Pencils Ready

June 07, 2010
/content/dam/images/golfdigest/fullset/2015/07/21/55adb4c4add713143b449dd1_magazine-2010-06-maar01_pebble_beach_myers.jpg

Living on the edge: The sea wall that borders the daunting 208-yard 17th and the tee box of the par-5 18th.

PEBBLE BEACH, Calif. -- Watching amateurs play a course that's been set up to host the best golfers in the world is like watching someone crawl to the top of a skyscraper. It can be done, but it's not going to be pretty and it's probably going to take a while.

While seeing such a display might not be the best way to predict what will happen once next week's U.S. Open starts, it is a good indicator of how celebrities Drew Brees, Mark Wahlberg, and Wayne Gretzky, and contest winner Peggy Ference will do in Wednesday's Golf Digest U.S. Open Challenge. And if conditions remain similar to what they were two days before, we are in for a brutal battle against Mother Nature, pressure, and of course, thick, thick rough.
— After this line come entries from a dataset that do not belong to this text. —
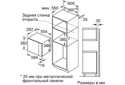 Размеры прибора 382 x 594 x 317 мм.Обьем духовки 20 л.Вес нетто (кг)16,658 кг. Материал духовки нержавеющая сталь.Цвет фронтальной панели Нержавеющая сталь.Тип конструкции Встроенный.Управление механический.Открытие двери Кнопка.Материал смотрового окошка стекло.Управляющие элементы Поворотный переключатель.Встроенная микроволновая печь в нишу 38 см: с функцией оттаивания, подогрева и идеального приготовления пищи.Микроволновая печь: экономия времени приготовления, разморозки и повторного нагрева посуды.
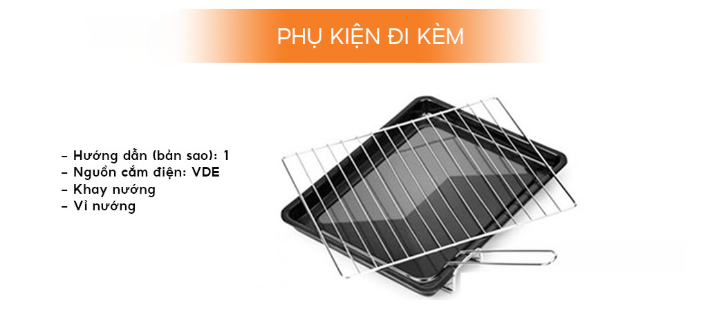 | Phụ kiện đi kèm | Khay nướng và vỉ nướng |
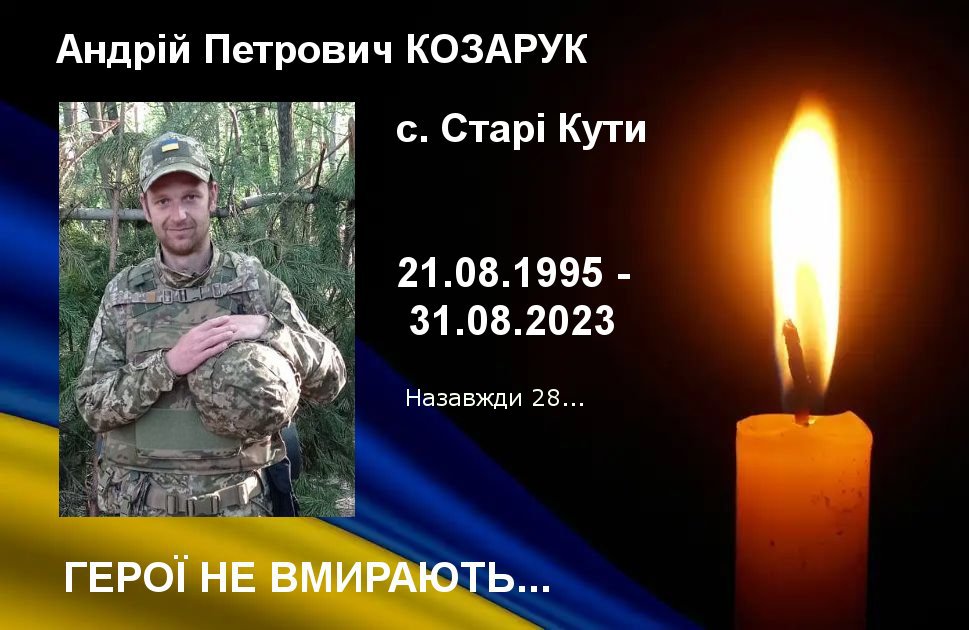 На війні з російським окупантом, відданий Військовій присязі на вірність Українському народу, мужньо захищаючи рідну землю від загарбників, 31 серпня 2023 року, під час артилерійського обстрілу в районі населеного пункту Бахмут Бахмутського району Донецької області, поліг Герой Андрій Козарук. Герой народився 21 серпня 1995 року, житель села Старі Кути, уродженець Коломийщини. Солдат, стрілець - снайпер. Йому було лише 28.
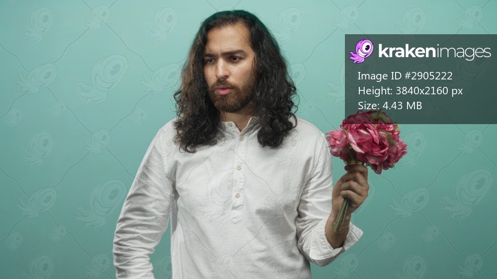 Man holding pink peony bouquet in studio with teal backdrop and neutral expression; quiet contemplation.

It was impossible not to notice this last aspect while surveying Pebble Beach on Monday afternoon. In the first group I watched come down the par-5 18th hole, a man called someone over to look at something in the rough. He wasn't asking for a ruling or pointing out where he thought buried treasure was hidden. He just wanted to show off how gnarly his lie was. Then he got over the ball, took a huge swing and made a loud grunt as he chopped through the grass. The ball dribbled all of 10 feet.

And this wasn't a 30-handicapper. He smoothed his next shot from about 125 yards onto the back of the green. But as he walked toward his ball, he showed signs of an injury, shaking his wrist over and over.

A few minutes later, a woman hit driver on the par-3 17th hole. Her ball landed about 10 yards short of the green in the rough, bounced backwards a yard as if it had hit a stone wall and buried deep beneath the surface. When a caddie finally located it, he tossed it out to the walkway for the woman to hit, as if to say only players with their names on their golf bags have any business attempting to hit from such a lie.

"It's baaaaad," 11-year caddie Ruben Ramirez said of the rough. "It's punishing."

On most holes, there appears to be about three yards of a first cut and then another few yards of a second cut, where players can advance the ball. Once it gets past that, however, all bets are off and it essentially becomes a one-stroke penalty. At least.

Ramirez doesn't think the pros are going to find it much easier come next Thursday when the 2010 U.S. Open starts. That's why in a pool among the Pebble Beach caddies, he's chosen four-over as the winning score.

If that sounds crazy, then remember that Ernie Els and Miguel Jimenez were both three-over when they tied for second in the 2000 championship, finishing 15 shots behind Tiger Woods. How does this year's course stack up?

"There's been a 180-degree change since then," Ramirez said. "It's tougher."

While the rough has stayed constant, Ramirez says the biggest difference is how the hazards and bunkers, all 96 of them, will play -- as in they will come into play more often. This was something the USGA intended to do by widening fairways to bring them closer to the dangers that lurk on nearly every hole.

Once a player is in a bunker, he'll also have a tougher time getting the ball out since the grass has been grown high around the perimeters. Let's just say Dustin Johnson's up-and-down for birdie on No. 18 to win the AT&T earlier this season might have been a little more difficult if he had to navigate his ball over the tall stuff.

Ramirez said Mike Weir played in a wedding party a few weeks back and he was told by another caddie that the former Masters champion shot an unofficial one-over-par round. As for a really good low-handicap player (let's say a 3 like Drew Brees), Ramirez thinks the course is playing three shots a side harder than it usually does. For the higher handicapper, the difference should be even more apparent.

And for those flirting with breaking that magic number of 100 or whatever their goal happens to be come Wednesday, if the wind is blowing from the west like it was Monday, a difficult closing stretch of three holes will become even harder, with 16 and 17 featuring a right-to-left crosswind and 18 playing dead into the breeze.

In other words, chances are Ben Roethlesberger's record score in this event of 81 at Bethpage Black last year isn't likely to be challenged.